Something Out There
- First edition
- Author: Nadine Gordimer
- Language: English
- Publisher: Jonathan Cape
- Publication date: 1984
- Pages: 203

= Something Out There =

1984 short story collection by Nadine Gordimer

Something Out There is a 1984 short story collection by the South African writer Nadine Gordimer. It was first published by Jonathan Cape in 1984. It consists of 9 short stories and one long novella, "Something Out There."

==Stories==

- "A City of the Dead, a City of the Living" (1982)
A young mother and wife in a black township is consumed by tension as she and her husband shelter a black political activist that is wanted by the police for an attack on a police station. First published by The New Yorker, 28 March 1982.

- "At the Rendezvous of Victory" (1983)
Sinclair "General Giant" Zwedu was instrumental in a revolution that brought an end to apartheid, but struggles to adapt to the new democracy and finds himself at odds with the liberation movement now leading the country. First published by Mother Jones, February/March, 1983.

- "Letter from his father" (1983)
A fictional response on behalf of Hermann Kafka to his son, Franz Kafka's "Letter to His Father". First published by the London Review of Books, 20 October 1983.

- "Crimes of Conscience" (1981)
A young white man is paid by the apartheid government to infiltrate left-wing circles and begins a relationship with a young, radical white woman. He confesses his spying to her during an intimate moment. First published by Index, December 1981 then New Statesman, 22 October 1982.

- "Sins of the Third Age" (1982)
The carefully planned retirement plans of Peter and Mania in an Italian idyll are undone by Peter's affair with a younger woman. The married couple settle down in their renovated home, but their relationship has been shattered beyond repair. First published by Cosmopolitan, August, 1982.

- "Blinder" (1983)
Rose, a long-serving maid prone to alcohol binges, has to deal with the death of her love, Ephraim. First published by the Boston Globe, 24 July 1983.

- "Rags and Bones (1979)"
Beryl Fels buys a tin chest and unexpectedly discovers letters between lovers written during the 1940s. The woman writer and distinguished scientist are keen to keep their affair secret as they "are both people in the public eye". Intrigued by the supposed fame of the pair, Fels is disappointed to find that there is little trace of the achievements of the scientist and the woman writer is no longer in print. First published by Harper's Magazine, October, 1979.

- "Terminal"
A terminally ill woman makes a pact with her husband that he will not stand in the way of her and any decision to take her own life. He breaks the pact, rushing her to hospital after her overdose and she wakes up in hospital, betrayed by her husband.

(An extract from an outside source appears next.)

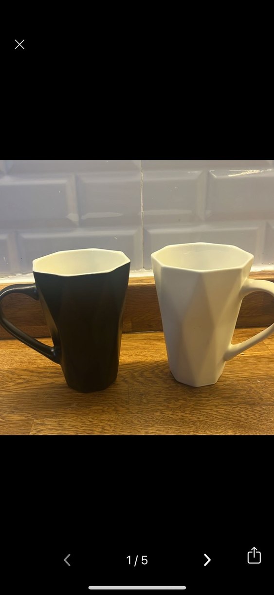 Beyaz ve siyah renklerde, fasetli tasarıma sahip s iki kupa, rahat tutma sapları ile.

- "A Correspondence Course" (1981)
A liberal-minded young white woman, Harriet Haberman begins writing back to a white political prisoner. Her mother, Pat, encourages the correspondence and is proud of her daughter. Once the man escapes from prison, the reality of Pat's liberalism becomes to concern her. She becomes increasingly paranoid about their home security and is dismayed when the prisoner arrives at their door, seeking the aid of Harriet. First published by The New Yorker, 16 February 1981.

- "Something Out There" (1984)
A wild animal stalks the plush, white suburbs of Johannesburg, causing a frenzy in the media and among residents. The wild animal acts as a metaphor for the fears of White South Africans about the future of the country. First published by Salmagundi, January, 1984.

==Reception==
The collection was praised by Salman Rushdie in his New York Times review. He wrote about the longer novella, "Something Out There", "This quality of subversion, this deliberate use of banality in order to disturb, is what sets Miss Gordimer's version of the Beast myth apart. The pulp fiction and cinema that exploit this theme usually offer no more than an enjoyable scare, a sanitized frisson; they actually reassure us while pretending to terrify. Something Out There concentrates, by contrast, on the minutiae of the real world. The art lies in the refusal of all exaggeration, all hyperbole. From this refusal springs the story's authority, its unsettling menace. Whatever you do, you can't call yourself safe."

Rushdie was critical of "Letter from his father" and "Rags and Bones", but otherwise concluded that "the other seven stories are excellent."

Writing in The New York Review of Books, Elizabeth Hardwick described it as "one of the major artistic achievements of our time."